Records to process section start

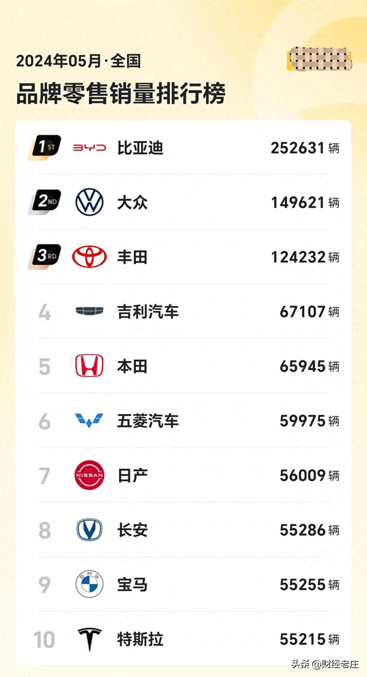 5月份各車企品牌銷量已經出爐,比亞迪、大眾和豐田依舊排名前三,吉利反超本田排名第四,特斯拉再次進入榜單位列第十。
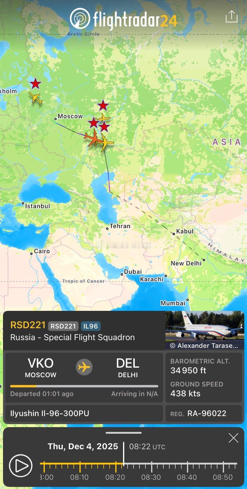 12月4日,俄罗斯总统普京正在前往印度进行为期两天的访问。俄罗斯政府专用座机伊尔-96-300PU(RA-96022)和伊尔-96-300PU(RA-96025)进入哈萨克斯坦领空。12月3日在孟买发现了RA-96023 。 俄罗斯总统普京访问印度
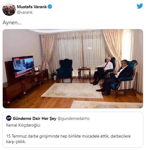 Sanayi ve Teknoloji Bakanı Mustafa Varank, Kılıçdaroğlu'nun, "15 Temmuz darbe girişiminde hep birlikte mücadele ettik, darbecilere karşı çıktık." sözlerine sosyal medya hesabı Twitter'dan tepki gösterdi.
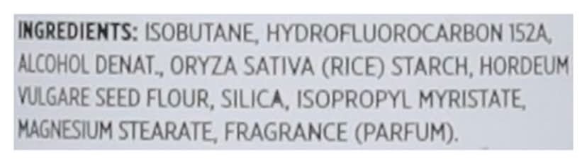 Ingredients: Isobutane, Hydrofluorocarbon 152A, Alcohol Denat, Oryza Sativa (Rice) Starch, Hordeum Vulgare Seed Flour, Silica, Isopropyl Myristate, Magnesium Stearate, Fragrance (Parfum)
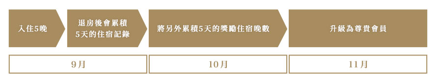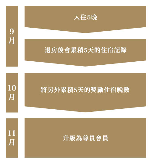 ※ 如果是在12月入住,獎勵住宿晚數將在次年1月累積,也將在同一月份升級為尊貴會員。
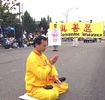 第8个游行-湖城“先锋日”游行,是美国西北地区最大的表演性游行之一。学员们齐心合作,金光闪闪的大法横幅,整齐的队形,悠扬的炼功音乐,第一和第五套功法的表演,加上三位身着传统中国服装的女大法弟子,向世人展示了大法和大法弟子的风貌。法轮功游行队伍荣获了成年方队表演组的第一名奖。
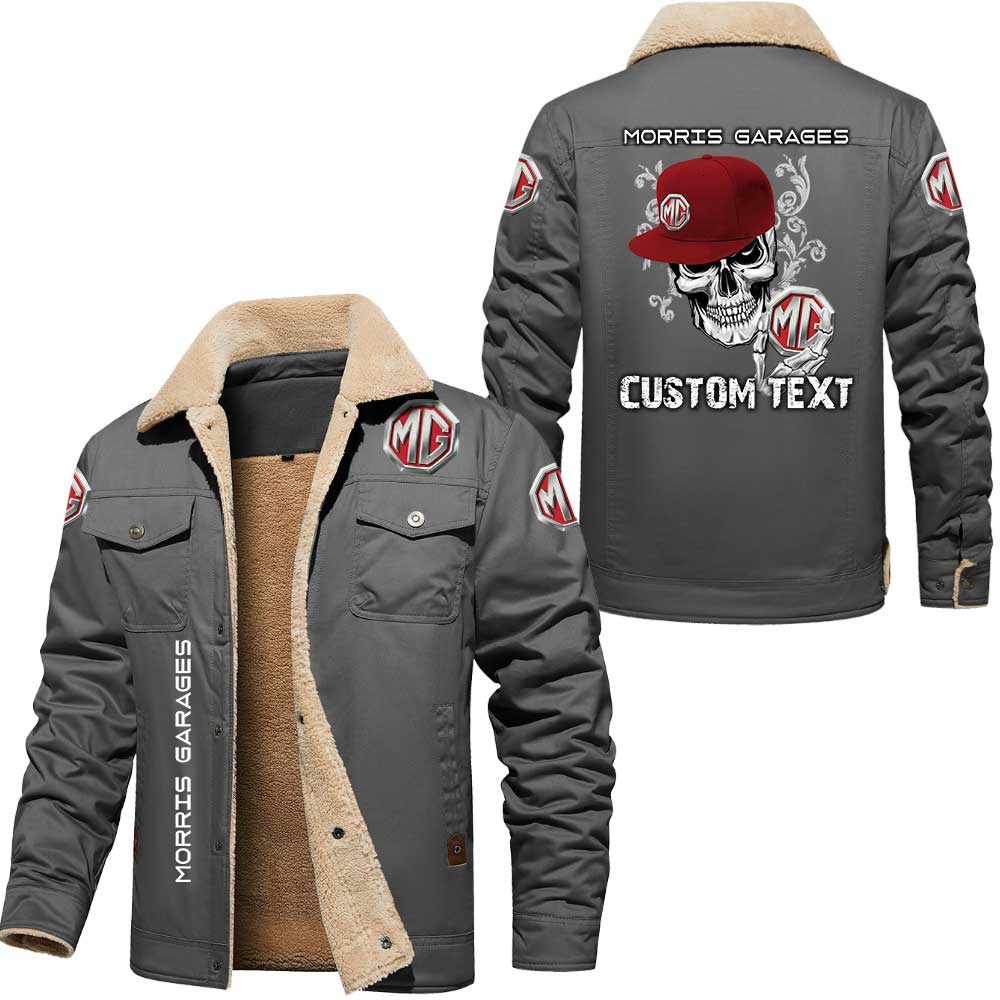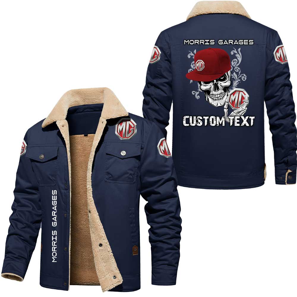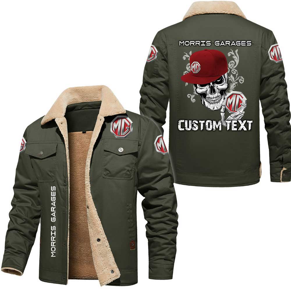 Morris Garages Cars Skull Custom Name Cargo Fleece Lined Cotton Jacket
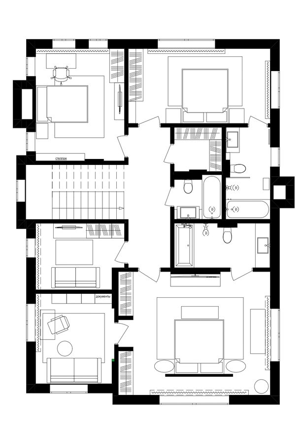 Загородный дом спроектирован для семьи из четырех человек с учетом удобства и функциональности. Пространство организовано так, чтобы каждый член семьи имел свою приватную зону, а также были места для общения и отдыха.
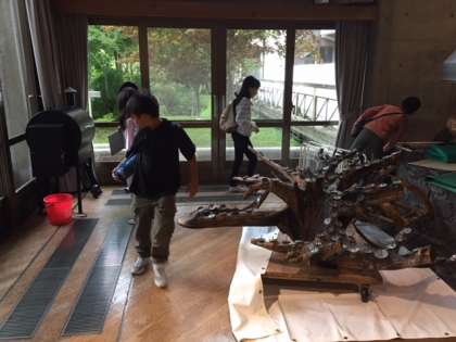 館内ウォークラリーの様子です。「館内」といっても相当広い建物なので,活動のし甲斐があります。グループのみんな何を探しているのかな?
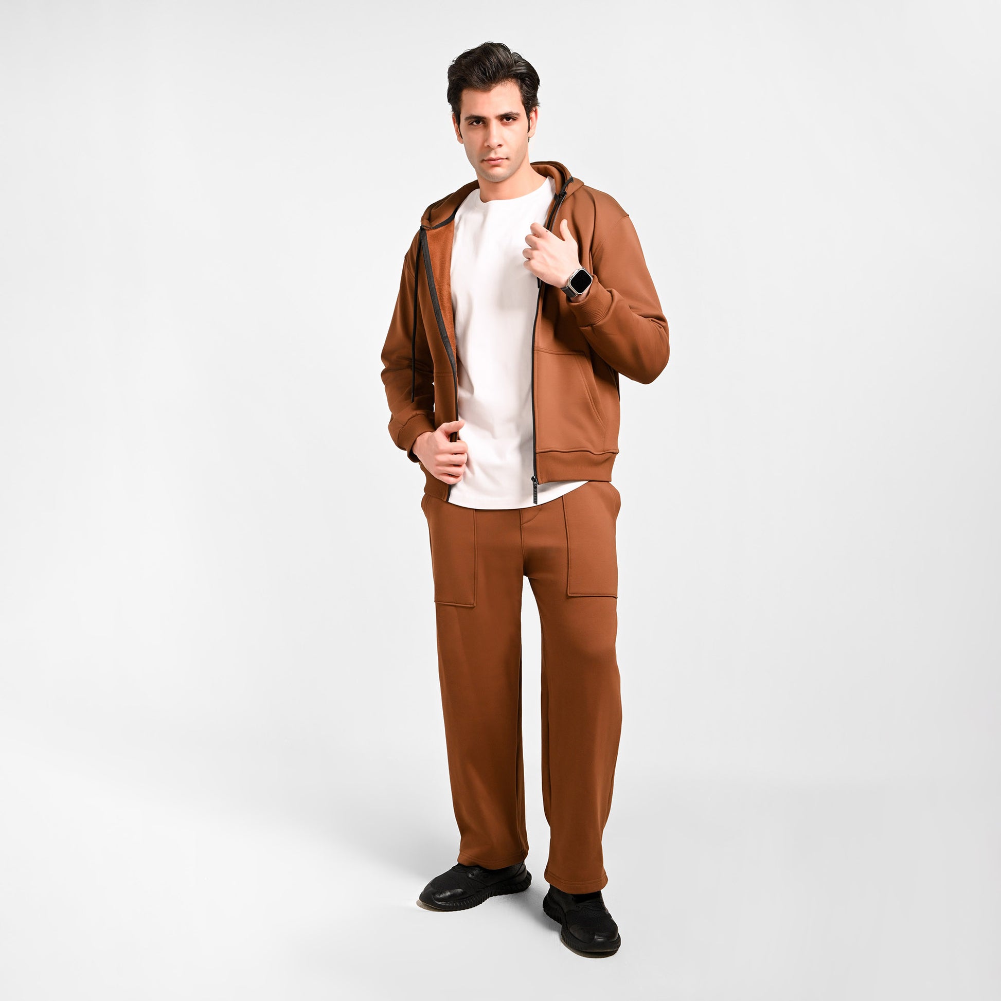 يتكوّن الطقم من بنطلون رجالي شتوي بأقدام واسعة ومبطن بالفرو يوفر الدفء والراحة طوال اليوم، مع تيشيرت بقصة دائرية سفلية يضيف لمسة عصرية ويمنح حرية حركة أكبر، بالإضافة إلى جاكت شتوي بسوستة مغطاة بالجلد ومبطن بالفرو من الداخل ليضمن حماية مثالية من البرودة مع تصميم أنيق.
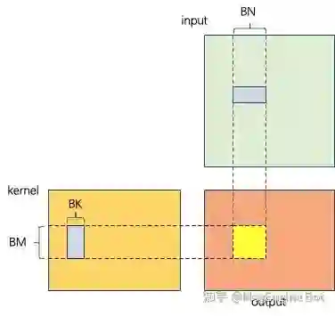 对于矩阵乘特别是大规模矩阵乘,cuBlas 等计算库已经优化的足够好了,基本上可以接近设备理论峰值,这里我们结合 Roofline 简单分析一下性能。为了充分适应硬件体系结构特征,充分利用多级存储增大访存带宽,我们需要对矩阵乘进行分块计算。如下图所示,假如 cuda 中每个 Thread Block 处理 BMxBN 的 output,此时 kernel 分块大小为 BMxBK,input 分块大小为 BKxBN。则计算量为 BM*BN*BK*2,访存量为 (BM*BK + BN*BK)*4。计算密度为 。按照 Roofline 模型的描述,计算设备的 FLOPs/Byte,若要达到设备理论峰值我们只要保证计算密度大于 IM 即可。如果我们按照 BM=32, BN=32 来算的话,则此时的计算密度将达到 8 FLOPs/Byte,显然是大于 IM 的。此时如果忽略 TP 的限制假如打满设备最大带宽,最大可能达到的性能 P = 8*2.16 = 17.28 TFLOPS。结合 Roofline 模型不难看出此时处于 Compute Bound 区域。由于 Compute Bound 区域的计算速度已经接近理论峰值,已经不能增加了。如果我们采用大 kernel 的话,随着 kernel size 的增加计算量会呈平方增长,所以相应的运行时间也会随之增长,这显然是不可接受的。
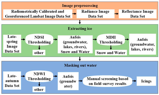 As icing is characterized by a distinct spectral signature, its detection is possible using remote sensing approaches. We used Landsat 4–5 TM, Landsat 7 ETM+, Landsat 8 OLI, and Landsat 9 OLI at a 30-m resolution to map icing distribution and changes in maximum surface areas each April from 2002 to 2022 (https://www.usgs.gov/landsat-missions, accessed on 15 October 2023). For the investigation period from 2002 to 2022, we selected Level-2 Surface Reflectance Collection 1 Tier 1 images due to their superior data quality. These images, with a georegistration root mean square error of less than 12 m, are ideal for time-series analyses [44]. To ensure the maximum surface areas of the icings were captured, satellite images from every April were used. These images may show some snow cover, which needed to be distinguished from icings. Furthermore, surface water icing (including lakes and rivers) also needed to be distinguished. Scenes with cloud cover below 30% were selected. For the Landsat 8 OLI and Landsat 9 OLI datasets, when cloud cover ranged from 5% to 30%, it was effectively reduced to below 5% by employing the built-in cloud masking layers within Google Earth Engine (GEE) [47]. For the Landsat 4–5 TM and Landsat 7 ETM+ datasets, scenes from the closest time period were used to fill the regions covered by clouds [9]. The images used were Level 1 terrain corrected (LT1) products, with radiometric and geometric corrections completed. Some scene data were lost due to a scan line corrector (SLC) failure in June 2003, and the “fix Landsat 7 scan line error” tool in ArcGIS was employed for restoration. For icing data extraction, we utilized image algebra to devise a three-stage remote sensing method, which could make the extraction of icing surface areas more accurate and efficient. This approach works because of the significant differences in reflectance and emittance of electromagnetic radiation between liquid and solid water (Figure 2) [9].
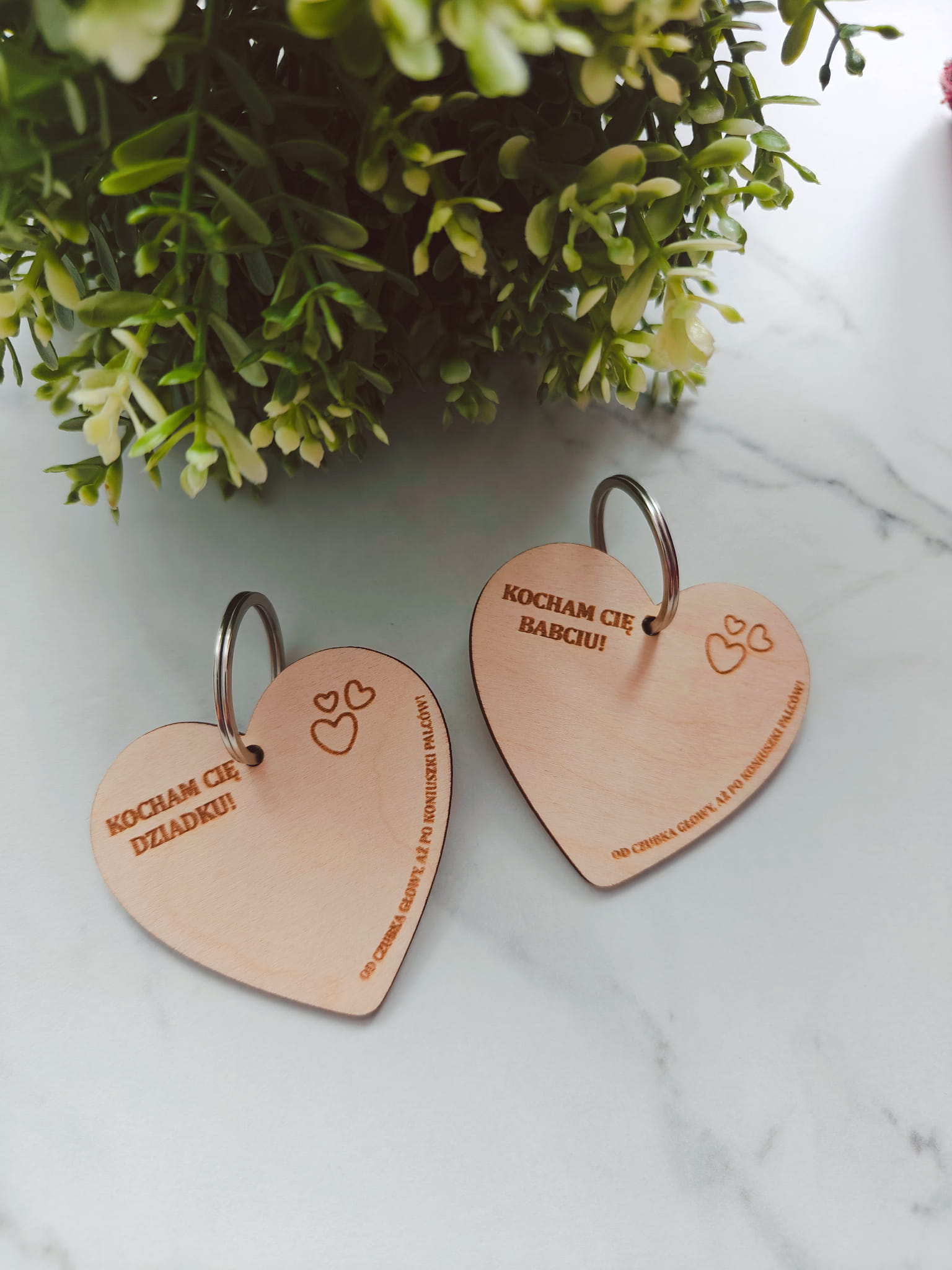 Każde serce zawiera gotowy napis (np. „Kocham Cię Babciu”, „Kocham Cię Dziadku”) oraz specjalne miejsce na wykonanie odcisku palca dziecka – można użyć do tego farby plakatowej. To prosty gest, który zamienia produkt w osobistą, wzruszającą pamiątkę.
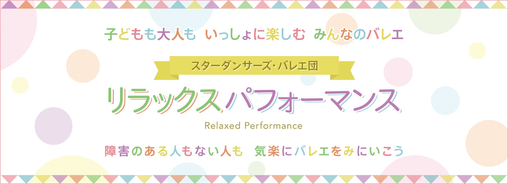 リラックスパフォーマンス(言語:Relaxed Performance)は、劇場空間での鑑賞に不安がある方のためにアレンジされた公演形態です。照明や音量レベルを調整して障害のある方にとっての感覚的な刺激をできるだけ排除する他、「上演中でも客席から出ることができる」「多少の話し声やざわつきを許容する雰囲気を醸成する」等、通常のバレエ公演の鑑賞マナーを緩和し、自閉症やADHDの症状などにより公演鑑賞機会が限られている方々や、バレエ鑑賞が初めての小さなお子様連れのご家族も、構えずにリラックスして鑑賞をお楽しみいただくことを趣旨としています。

Records to process section end

Extract the part of the records that opens with the line containing "Morris Garages Cars" and closes with the line containing "kernel size 的增加计算量会呈平方增长,所以相应的运行时间也会随之增长,这显然是不可接受的。". Take only those lines, exactly, and no pictures.

• _Task answer_
 Morris Garages Cars Skull Custom Name Cargo Fleece Lined Cotton Jacket
 Загородный дом спроектирован для семьи из четырех человек с учетом удобства и функциональности. Пространство организовано так, чтобы каждый член семьи имел свою приватную зону, а также были места для общения и отдыха.
 館内ウォークラリーの様子です。「館内」といっても相当広い建物なので,活動のし甲斐があります。グループのみんな何を探しているのかな?
 يتكوّن الطقم من بنطلون رجالي شتوي بأقدام واسعة ومبطن بالفرو يوفر الدفء والراحة طوال اليوم، مع تيشيرت بقصة دائرية سفلية يضيف لمسة عصرية ويمنح حرية حركة أكبر، بالإضافة إلى جاكت شتوي بسوستة مغطاة بالجلد ومبطن بالفرو من الداخل ليضمن حماية مثالية من البرودة مع تصميم أنيق.
 对于矩阵乘特别是大规模矩阵乘,cuBlas 等计算库已经优化的足够好了,基本上可以接近设备理论峰值,这里我们结合 Roofline 简单分析一下性能。为了充分适应硬件体系结构特征,充分利用多级存储增大访存带宽,我们需要对矩阵乘进行分块计算。如下图所示,假如 cuda 中每个 Thread Block 处理 BMxBN 的 output,此时 kernel 分块大小为 BMxBK,input 分块大小为 BKxBN。则计算量为 BM*BN*BK*2,访存量为 (BM*BK + BN*BK)*4。计算密度为 。按照 Roofline 模型的描述,计算设备的 FLOPs/Byte,若要达到设备理论峰值我们只要保证计算密度大于 IM 即可。如果我们按照 BM=32, BN=32 来算的话,则此时的计算密度将达到 8 FLOPs/Byte,显然是大于 IM 的。此时如果忽略 TP 的限制假如打满设备最大带宽,最大可能达到的性能 P = 8*2.16 = 17.28 TFLOPS。结合 Roofline 模型不难看出此时处于 Compute Bound 区域。由于 Compute Bound 区域的计算速度已经接近理论峰值,已经不能增加了。如果我们采用大 kernel 的话,随着 kernel size 的增加计算量会呈平方增长,所以相应的运行时间也会随之增长,这显然是不可接受的。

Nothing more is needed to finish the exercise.